1. Do use all six senses. If you have a mental block and are stuck writing a description, ask yourself how your six senses may react. Of course, you don't want to always include all six senses in every description, but asking yourself the questions may help the creative process. What does it smell like (pleasant or reeking)? What does it taste like (not a common sense except for food)? Are there any sounds (background noise or ominous silence)? What does it look like (colour, size, scope)? What does it feel like (texture, maybe viscosity)? What psychic impressions are felt (foreboding, delight, queasiness, etc.)? Psychic impressions (the "sixth" sense) should be used sparingly.

2. Do use present tense. There's very little reason not to use present tense when writing descriptions.

3. Do use dynamic verbs. Verbs are the workhorse of a sentence so when appropriate try to use dynamic verbs. For example:

Weak

The large mansion is on the hill. Rose bushes are growing in loamy soil
under the windows. There is a little path that leads to the backyard.

Dynamic

The large mansion rises up upon the hill. Rose bushes push up from the
loamy soil beneath the windows. A little path stretches around the mansion
towards the backyard.

4. Do use proper grammar. Though it should go without saying, send your mind back to Mrs. Grundy's bonehead English class and avoid run on sentences, incomplete sentences, awkward wording, etc.

5. Do ALWAYS use complete sentences. This seems like it would fall under grammar, but it is singularly important on its own. A nymph stretches out here, quietly singing to herself. Her damp hair against her body. That second sentence is a VERY common mistake in both room descs and mobile descs. It is not a complete sentence. Why? If I said to you 'Her damp hair against her body' on its own, you would have no idea what I was talking about.


Seven Simple Don’ts:

1. Don't double space between sentences. Those who have worked in an office environment tend to double space between sentences. However, what looks snappy and professional on a business letter looks awkward on a MUD.
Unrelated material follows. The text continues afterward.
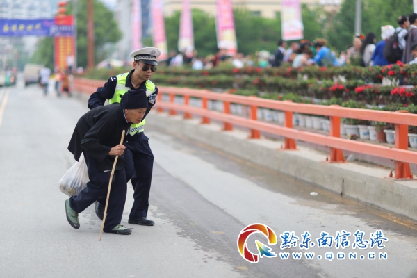 為立即恢復(fù)交通秩序及避免不必要的交通事故發(fā)生,執(zhí)勤交警立即制止其行為并指揮駕駛員將車輛停放在臨時(shí)停車線內(nèi)。隨后,交警一只手?jǐn)v扶著老人通過大橋,一只手還不忘指揮交通。看到這一幕,旁邊的游客們紛紛為執(zhí)勤交警豎起了大拇指。

2. Don't let Microsoft Word help you. This goes for any word processing program that has an auto-formatting feature that turns everything you type into smart quotes, automatically double spaces, changes ordinals to superscript, etc. Find this feature and turn it off.

3. Don't use "seems to" or "looks like" or "appears to be". This is a common mistake that strikes even the very best and experienced builder. Feel free to use metaphors and simile, but using the phrases "seems", "looks like", and "appears to be" weakens the impact. If the man appears to be the oldest man in the village, then chances are the man is the oldest man in the village. Ninety-nine percent of the time, it can be avoided. For example,

Weak

This troll appears to be the largest of its kind. Its skin seems to be an almost
phosphorescent green and its large fangs looks like it could tear through not
only skin but bone.

Dynamic

The troll is enormous, the largest of its kind. Its skin glows an almost
phosphorescent green and its large fangs could tear through not only skin
but bone.

4. Don't reference the player in a room. Try to avoid using "you" or "your" as little as possible, preferably not at all. Generally, avoid referencing the player in the description. Instead of telling a player directly what he or she is looking at, the impact is greater and illusion less intrusive when descriptions lay before the player what is seen in the third person.
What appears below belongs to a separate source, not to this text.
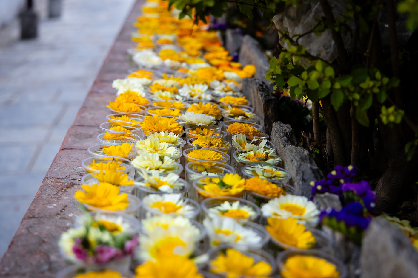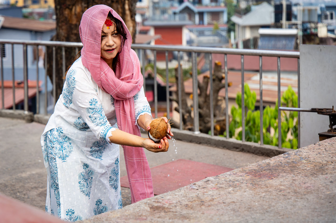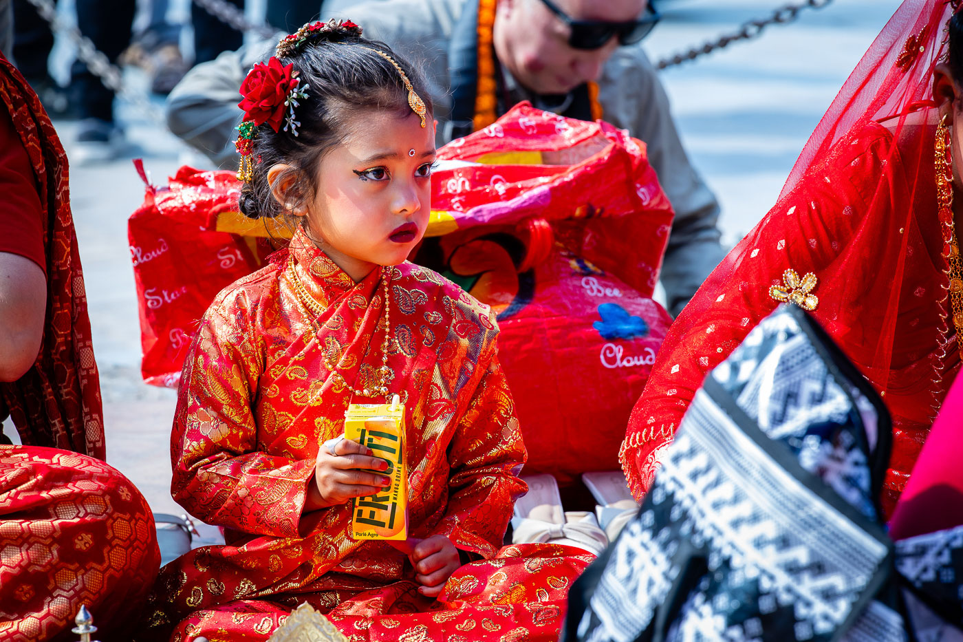 En dan: Holi! Met plastic hoezen om onze camera’s trekken we eropuit. In de straten van Kathmandu worden we begroet met poeder, waterballonnen en heel veel ‘Happy Holi!’. Durbar Square verandert in een explosie van kleur en emotie. Een tip voor festivalfotografie: fotografeer op burst-modus om het juiste moment te vangen. En wissel tussen close-ups en overzichtsbeelden voor een compleet verhaal.

5. Don't describe objects or mobs that can be placed in the room. If the chef is in the kitchen, don't write up the chef in the room description. Rather, create a chef mob and place him in the room. Important objects should also be a separately created item, like the large monolith crackling with energy should probably be a separate object rather than merely described in the room description.

6. Don't reference history in a room. There is no way you can tell by looking at a room that it was built by an ancient group of flesh-eating wizards, known for their purple robes, who scared the natives. This is maybe the only time you can use seems: 'The hall is in shambles, covered with dust and debris of decades past. Indeed, it seems as if a war had happened here, waged on the walls itself.' if its a war-ravaged castle. You can say some things about origins, but there's a definite point of too much.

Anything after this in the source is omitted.